## [Task to complete]
From the listing below, reproduce exactly the lines starting with the one with "Mirka sandpapir med" and going on through the one with "Enamel Cast Iron", both ends kept. No picture is copied.
Start of Supplied records
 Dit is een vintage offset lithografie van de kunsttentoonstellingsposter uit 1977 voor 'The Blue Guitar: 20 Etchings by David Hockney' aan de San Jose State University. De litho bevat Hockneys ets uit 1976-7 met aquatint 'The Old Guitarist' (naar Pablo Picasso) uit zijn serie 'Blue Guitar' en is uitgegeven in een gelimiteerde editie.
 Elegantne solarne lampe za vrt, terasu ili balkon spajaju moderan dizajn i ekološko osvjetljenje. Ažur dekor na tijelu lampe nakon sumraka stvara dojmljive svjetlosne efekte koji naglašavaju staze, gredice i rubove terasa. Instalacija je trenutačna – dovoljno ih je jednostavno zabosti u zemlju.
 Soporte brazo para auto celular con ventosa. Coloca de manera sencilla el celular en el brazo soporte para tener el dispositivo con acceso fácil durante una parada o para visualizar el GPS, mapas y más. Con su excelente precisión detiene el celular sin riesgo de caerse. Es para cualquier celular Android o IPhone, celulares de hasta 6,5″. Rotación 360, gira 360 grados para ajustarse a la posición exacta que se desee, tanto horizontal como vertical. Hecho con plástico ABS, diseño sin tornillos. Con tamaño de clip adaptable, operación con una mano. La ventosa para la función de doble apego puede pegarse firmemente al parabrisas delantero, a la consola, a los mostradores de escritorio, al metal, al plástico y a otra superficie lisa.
End of Supplied records
Start of Supplied records
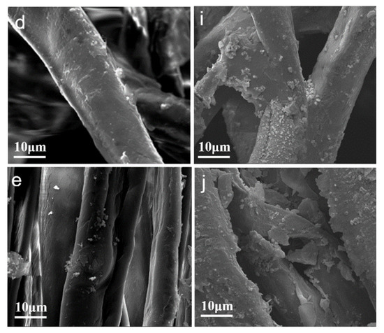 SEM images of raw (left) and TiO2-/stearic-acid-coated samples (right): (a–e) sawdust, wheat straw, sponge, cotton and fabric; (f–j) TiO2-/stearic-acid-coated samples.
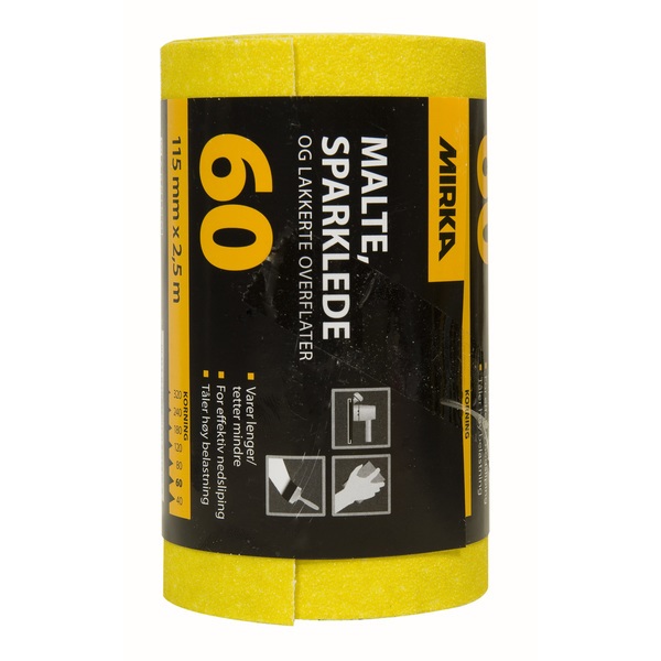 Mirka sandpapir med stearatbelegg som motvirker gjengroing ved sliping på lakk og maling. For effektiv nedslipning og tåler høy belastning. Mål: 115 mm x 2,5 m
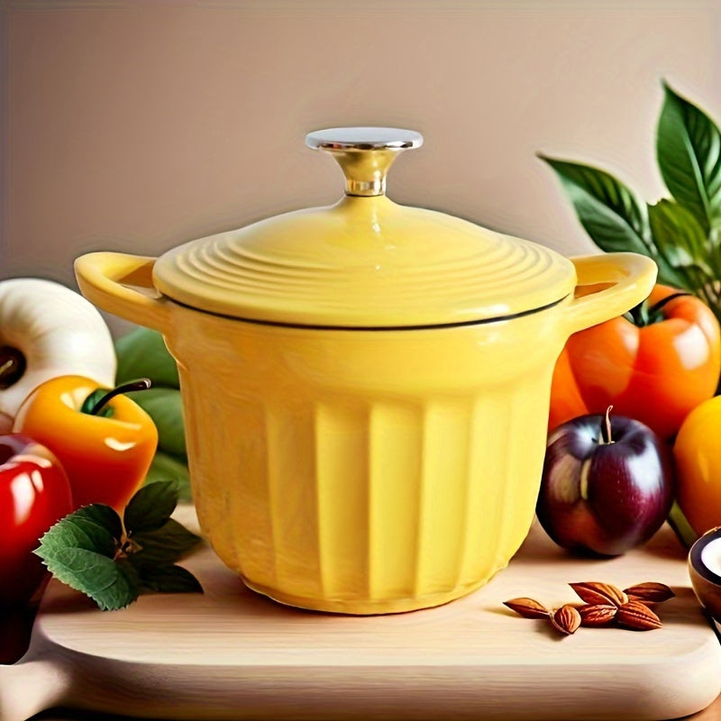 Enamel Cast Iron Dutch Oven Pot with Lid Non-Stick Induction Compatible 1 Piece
End of Supplied records
## [Task output]
 Mirka sandpapir med stearatbelegg som motvirker gjengroing ved sliping på lakk og maling. For effektiv nedslipning og tåler høy belastning. Mål: 115 mm x 2,5 m
 Enamel Cast Iron Dutch Oven Pot with Lid Non-Stick Induction Compatible 1 Piece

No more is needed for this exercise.